Print the lines in the listing below that fall between the line with "Tornando quindi al" and the line with "silver stations; polished", those two lines included, exactly as they stand and with nothing else.

## Recorded information
# # # #

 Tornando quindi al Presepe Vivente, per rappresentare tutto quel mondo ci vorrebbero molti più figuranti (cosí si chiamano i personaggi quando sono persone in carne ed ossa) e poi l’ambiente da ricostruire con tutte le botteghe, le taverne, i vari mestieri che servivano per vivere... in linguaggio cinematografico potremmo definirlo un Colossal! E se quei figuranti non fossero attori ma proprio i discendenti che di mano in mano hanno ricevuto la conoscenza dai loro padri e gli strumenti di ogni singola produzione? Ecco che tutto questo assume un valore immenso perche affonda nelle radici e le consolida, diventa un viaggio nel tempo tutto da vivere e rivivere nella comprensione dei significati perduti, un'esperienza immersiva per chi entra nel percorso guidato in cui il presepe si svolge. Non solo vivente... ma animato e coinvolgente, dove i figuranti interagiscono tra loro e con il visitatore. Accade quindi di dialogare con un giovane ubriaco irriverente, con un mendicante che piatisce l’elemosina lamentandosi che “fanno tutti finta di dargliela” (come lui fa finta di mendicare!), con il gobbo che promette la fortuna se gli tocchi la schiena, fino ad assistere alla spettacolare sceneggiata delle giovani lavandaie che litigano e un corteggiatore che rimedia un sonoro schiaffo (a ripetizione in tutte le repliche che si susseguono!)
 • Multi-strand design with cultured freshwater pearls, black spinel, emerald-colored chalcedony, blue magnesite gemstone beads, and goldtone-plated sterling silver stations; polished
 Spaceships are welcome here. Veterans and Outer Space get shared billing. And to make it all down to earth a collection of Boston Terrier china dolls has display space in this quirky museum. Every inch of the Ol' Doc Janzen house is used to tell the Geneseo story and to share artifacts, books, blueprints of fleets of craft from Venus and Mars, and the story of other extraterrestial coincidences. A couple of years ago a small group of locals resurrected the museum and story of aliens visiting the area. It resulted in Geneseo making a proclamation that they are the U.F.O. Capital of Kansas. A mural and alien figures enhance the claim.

# # # #

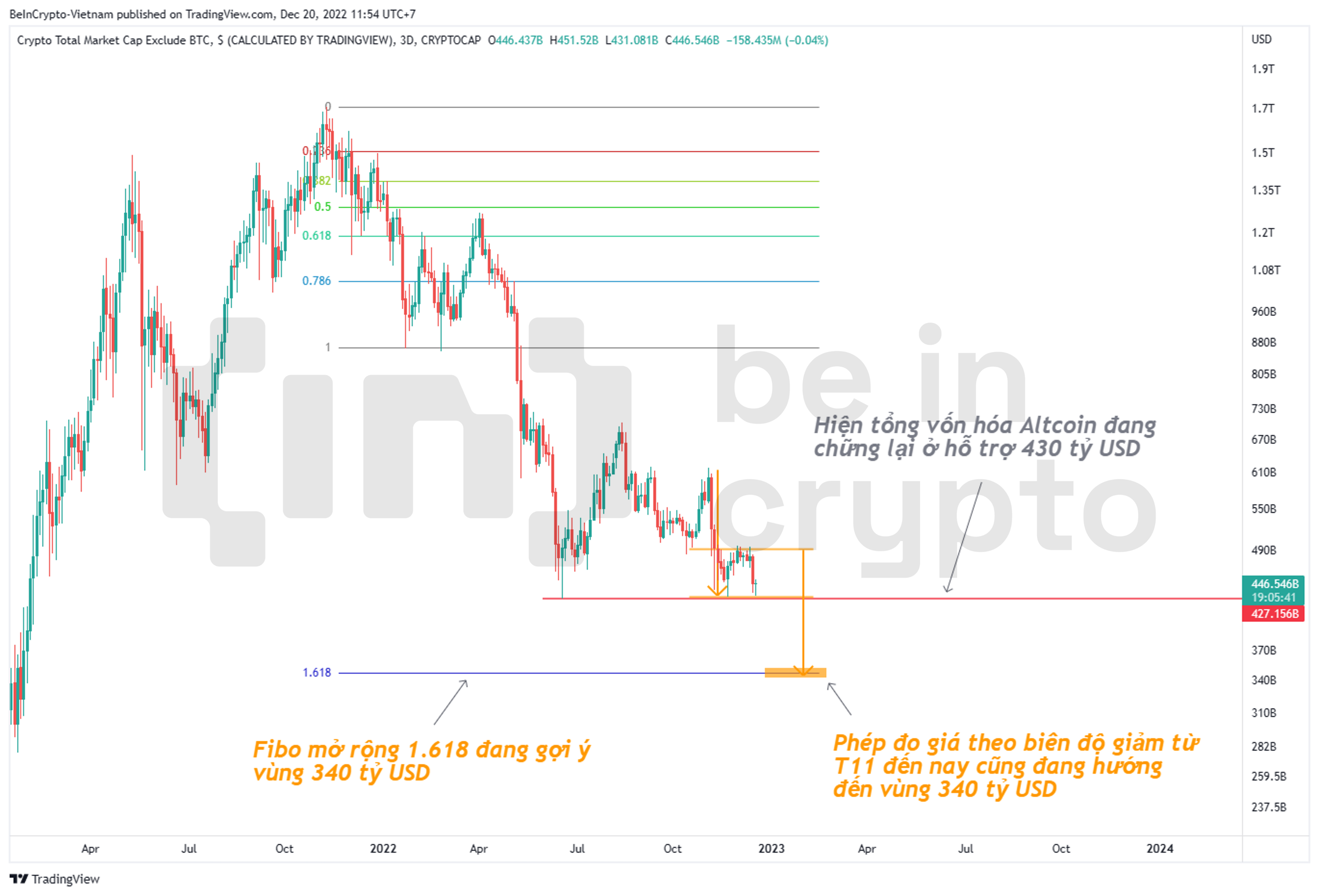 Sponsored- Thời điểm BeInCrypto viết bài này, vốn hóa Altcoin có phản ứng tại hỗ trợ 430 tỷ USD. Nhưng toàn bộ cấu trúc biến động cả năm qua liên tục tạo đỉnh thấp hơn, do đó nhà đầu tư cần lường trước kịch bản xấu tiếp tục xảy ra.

# # # #

## Answer section
 Tornando quindi al Presepe Vivente, per rappresentare tutto quel mondo ci vorrebbero molti più figuranti (cosí si chiamano i personaggi quando sono persone in carne ed ossa) e poi l’ambiente da ricostruire con tutte le botteghe, le taverne, i vari mestieri che servivano per vivere... in linguaggio cinematografico potremmo definirlo un Colossal! E se quei figuranti non fossero attori ma proprio i discendenti che di mano in mano hanno ricevuto la conoscenza dai loro padri e gli strumenti di ogni singola produzione? Ecco che tutto questo assume un valore immenso perche affonda nelle radici e le consolida, diventa un viaggio nel tempo tutto da vivere e rivivere nella comprensione dei significati perduti, un'esperienza immersiva per chi entra nel percorso guidato in cui il presepe si svolge. Non solo vivente... ma animato e coinvolgente, dove i figuranti interagiscono tra loro e con il visitatore. Accade quindi di dialogare con un giovane ubriaco irriverente, con un mendicante che piatisce l’elemosina lamentandosi che “fanno tutti finta di dargliela” (come lui fa finta di mendicare!), con il gobbo che promette la fortuna se gli tocchi la schiena, fino ad assistere alla spettacolare sceneggiata delle giovani lavandaie che litigano e un corteggiatore che rimedia un sonoro schiaffo (a ripetizione in tutte le repliche che si susseguono!)
 • Multi-strand design with cultured freshwater pearls, black spinel, emerald-colored chalcedony, blue magnesite gemstone beads, and goldtone-plated sterling silver stations; polished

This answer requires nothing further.